So, even the British are making movies like this; ensemble dramedies about twenty-something friends who take forever to get their lives together after college? Then again, it makes sense. The types of problems Frank (Aiden Gillen) faces aren’t limited to this side of the Atlantic by any stretch of the imagination. He’s got a decent job working with Mike (Dean Lennox Kelly) at the prop-making shop owned by his friend John (Tobias Menzies). Now it’s time to start living like an adult. That means buying a nicer flat and maybe settling down with the right woman, for starters. Enter Ruby (Kate Ashfield), an attractive realtor whom Frank enlists to help him find a new place.
Frank and Ruby hit it off right away; their attraction obvious and immediate, and soon, their house hunting expeditions take on a not-strictly-for-business air. Yet, something holds him back and they never quite seem to get on the same page when it comes to their relationship.
Frank’s reservations build when things start deteriorating at work, where Mike’s tardiness, obstinence and lousy attitude have all gotten worse. John, meanwhile, is under some pressure of his own. He’s been in a relationship for six years and suddenly his sex life has dried up like a stream in the middle of a summer drought.

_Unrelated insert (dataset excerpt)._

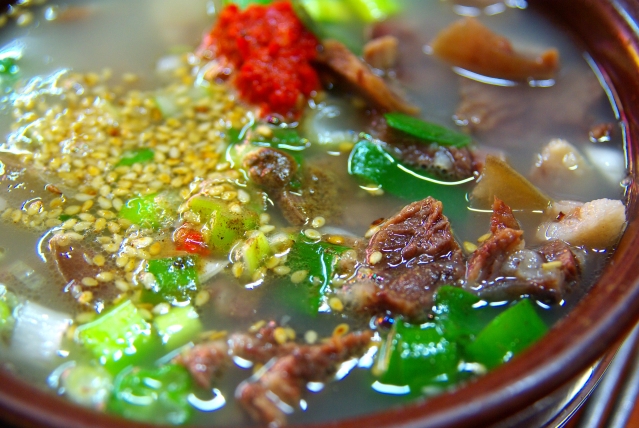 북평 민속오일장의 유명한 국밥거리에서 맛볼 수 있는 얼큰하고 담백한 소머리국밥

All of these issues come to a head when Mike mouths off to Frank and John about their willingness sell-out and kiss up to their clients. Frank explodes; Mike’s comments the catalyst that allows his whole world to come crashing down about him…giving him a clean slate to enter adulthood for real.
Director Jamie Thraves portrays these problematic years in an honest, refreshingly unglamorous fashion. If anything, the film’s cool, almost documentary feel borders on the depressing. However, either Thraves, DP Igor Jadue-Lillo or both have an inordinate fascination with random close-ups of eyes, noses, and chins, along with an excessive fondness for random focus racks to various and assorted background objects. These silly, intermittent hand-held sequences soon grow as tiresome as the senseless flashbacks and other temporal shenanigans Thraves employs. Such gimmicks certainly add nothing to the film and only distract from what’s important: these characters’ struggles to come to grips with adulthood. This talented cast is certainly capable of portraying that struggle without all the extraneous clutter.
The twenties are definitely an intense and confusing time of life: one is no longer a teenager, yet neither is one quite taken seriously as an adult. Still, there is a limit to how much new insight can be gleaned from people who can still get away with using “just because” as an excuse to do dumb things. Since this is a British film, at least that puts a slightly different perspective on these issues. Even so, “The Low Down” doesn’t give us the lowdown on anything we don’t already know.